The natural consequence of such an injury as plaintiff sustained is the employment of a surgeon. Plaintiff is obligated to arrange for such employment in order to mitigate damages as far as it is practicable to do so but the obligation is fulfilled when a competent surgeon is employed. The injured person does not insure against the negligence of the surgeon and damages caused by such negligence may be recovered from the person responsible for the original injury.

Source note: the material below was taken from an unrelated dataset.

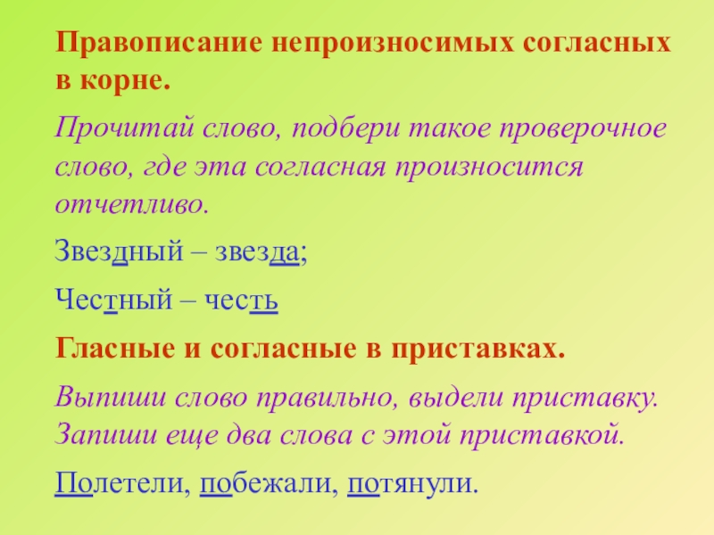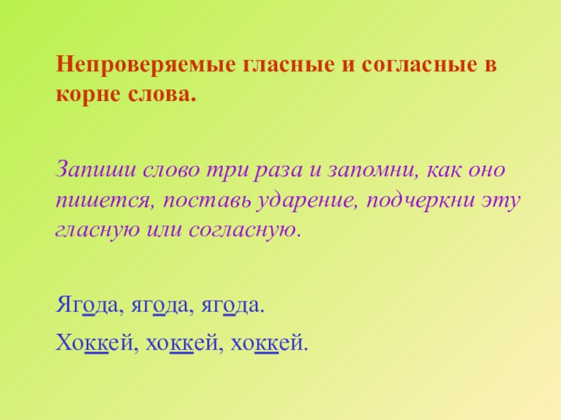 Слайд 6Непроверяемые гласные и согласные в корне слова.

If he who is so responsible, without being contractually liable so to do, furnishes gratuitous aid to the injured, he also must use due care in the selection of a surgeon but he is not an insurer against such surgeon’s negligence nor is the relation of master and servant created by the employment unless the employer undertakes to direct the employed as to what he shall do and how he shall do it. In the absence of the assumption of such directory power on the part of the employer, the relation of the surgeon to the injured person is that of an independent contractor liable for his own torts.

Most emphatically is this the case when the arrangement does not include treatment but is limited to examination, and the rule finds especially appropriate application when the negligence of the surgeon results, not in an aggravation of the original injury, but in causing an entirely independent injury related in no way to the first by any rational line of causation.

Such is the position of defendant in this case. He must answer for the. result of his own negligence. Bernstein was not liable therefor and the judgment against Bernstein for the just claim which plaintiff had against him does not bar her equally just claim against this defendant.

Exceptions overruled.

Damages to be assessed as stipulated.